D’Agostino says he is working with Chinese partners to increase Italian exports to eastern China. It seeks to develop areas of the Freeport of Trieste, with factories and warehouses to take advantage of its free trade status – only paying tariffs on goods when they leave warehouses.
He expected this kind of investment from the Chinese. But although it was slow in coming, the publicity that came to Trieste when Italy joined the BRI of China attracted more European investors.
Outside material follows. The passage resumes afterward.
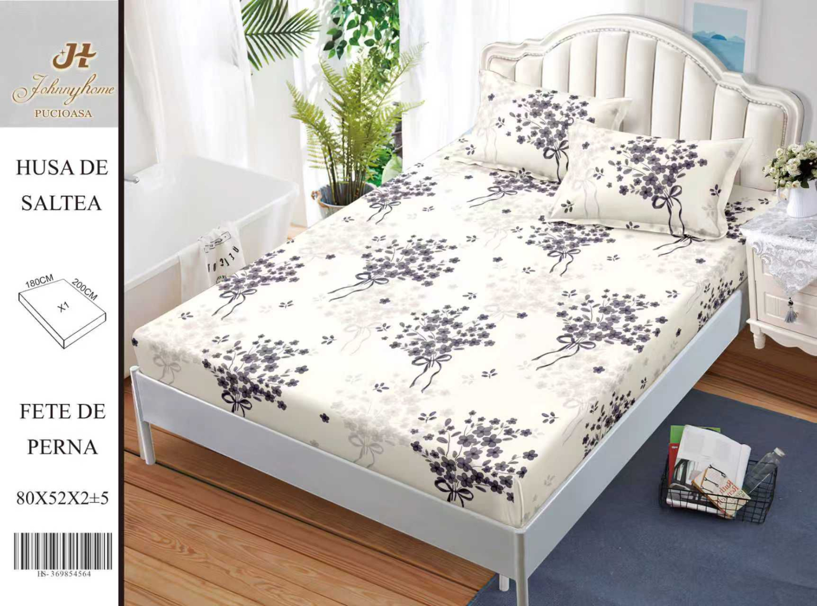 Husa de protectie cu elastic pentru saltea, confectionata din bumbac satinat, ideala atat pentru protectia saltelei, cat si pentru a fi folosita ca cearceaf de pat. Material potrivit pentru pentru orice sezon, permitand pielii sa respire datorita texturii bumbacului. Aceasta vine insotita de doua fete de perna, alcatuind un set potrivit pentru orice tip de pat. Culori rezistente la spalat, care nu se decoloreaza in timp, non-alergice.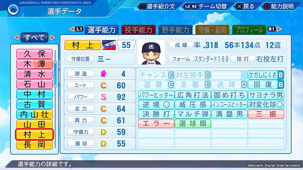 パワプロ2022が2023バージョンにアプデ。村上宗隆や佐々木朗希も上方修正へwww

“I don’t need the money from the Chinese, I can tell you that, no problem,” D’Agostino said. “So if we do what we agreed to, we’re both happy. If they do what they want, and it’s something different from what we agreed to, we can’t do [it]. “
Italy’s “Golden Power” rules prohibit the sale of ports and other strategic assets to foreign entities.
Back in Venice, the head of his modern port of Marghera, Pino Musolino, says it’s a good thing Italy has these restrictions, as China has shown itself adept at establishing a presence in strategic ports ranging from from China to Europe.
“The belt and the road [Initiative] it’s not just a question of infrastructure, ”he says. “It’s a huge design to control trade flows and control major global value chains. If you control them, you no longer need to control an army. You control the very specific wealth of any country along these economic corridors. The Chinese are very aware of this and they are doing a very good job on it, honestly. And they’re pretty straightforward about it as well, I have to say I don’t see them particularly scheming on this. They have a clear goal and they are pursuing it. ”
The Italian government, made up of the Anti-Settlement Five Star Movement and the center-left Democratic Party, is shaping its own goals for what it hopes will be a economic rebound next year, after the Italian economy contracts 8-9% this year. It is about modernizing train lines and creating a fast broadband network. Chinese Huawei was in the running. Italian leaders have since reconsidered their use, citing security concerns.